Two more days of the Eureka at Ythan laid low the grass in every field, and within eight days of the time when Mr Hemmenway made his appearance there, all the hay was well made and safely housed, without a drop of rain having fallen upon it.

Davie was tired, but triumphant. “Providence is ay kind,” said grannie softly, and grandfather's assent, though silent as usual, was pleased and earnest, and he was “in better heart” than he had been for a while.

Davie had some good hard work in other hay-fields in return for the help they had had at Ythan, and it was done gratefully and heartily.

And when most of the hay-fields in Gershom were bare and brown, waiting for the showers that were to make them green and beautiful for the fall pasture, in the short “resting-spell” that usually comes in this part of Canada between the hay and grain harvest, thoughts of pleasure seemed to take possession of young and old in Gershom.

It would be impossible to say to whom was due the honour of originating the idea of assembling for a grand pleasure party of some sort, all the people of Gershom “and vicinity.” A good many people claimed it, and it is probable they all had a right to do so. For so natural and agreeable a plan might well suggest itself to several minds at the same time. It took different forms in different minds, however. All were for pleasure, but there were various opinions as to how it could best be secured.

The young people generally were in favour of an expedition to Hawk's Head, or to the more distant, but more accessible wonders of Clough's Chasm, where in a sudden deep division of the hills lay a clear, still lake, whose depths it was said had never yet been sounded. Others approved rather of some plan that would allow a far larger number to participate in it, than such an expedition would allow. And while this was being discussed in a manner that threatened the falling through of the whole affair, it was taken up by that part of the community who considered themselves chiefly responsible for the well-being of the body politic, and who considered themselves also, on the whole, eminently qualified to perform the duties which the responsibilities implied. And by them it was declared that a great temperance demonstration was at this time desirable.

Such a demonstration would do good in many ways. It would revive the drooping spirits of those who were inclined to despond as to the prosperity of the cause. It would rouse from slumber the consciences of some who had once been its active friends, and it would strengthen the hands of all faithful workers; it would bring on the field all the best speakers of the country, and give an impulse to the cause generally.

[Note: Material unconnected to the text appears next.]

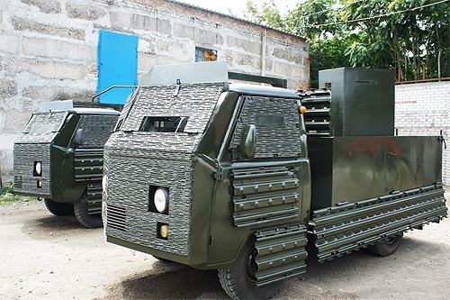Эдакая безысходность подтолкнула Николаевский тепловозо-ремонтный завод (НТРЗ) тоже помочь украинским военным в сложной битве на востоке страны. Здесь овладели искусством бронирования обычных серийных авто. В частности, для участия в АТО на НТРЗ забронировали несколько УАЗов и КАМАЗ.
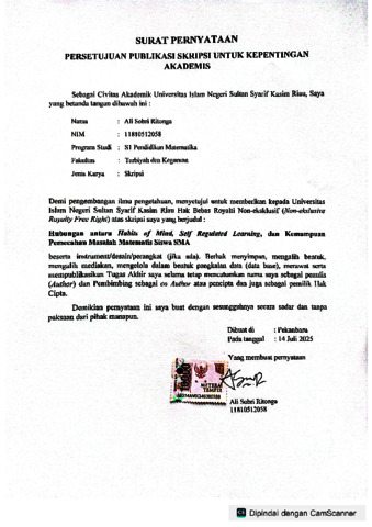 ALI SOBRI RITONGA (2025) HUBUNGAN ANTARA HABITS OF MIND, SELF REGULATED LEARNING, DAN KEMAMPUAN PEMECAHAN MASALAH MATEMATIS SISWA SMA. Skripsi thesis, UNIVERSITAS ISLAM NEGERI SULTAN SYARIF KASIM RIAU.

All this was said with much energy and reiteration, and a good deal of it was believed; at any rate, all other plans for pleasure were made to give way before it. It did not so much matter what might be made the occasion of the gathering, so that folks got together to have a good time, said the young and foolish, who thought much of whatever would give enjoyment for the time, and little of anything else. As to listening to speech-making—there need be no more of that than each might choose; so in the end almost all fell in with the idea of the great temperance demonstration, and notice was given to the country at large accordingly.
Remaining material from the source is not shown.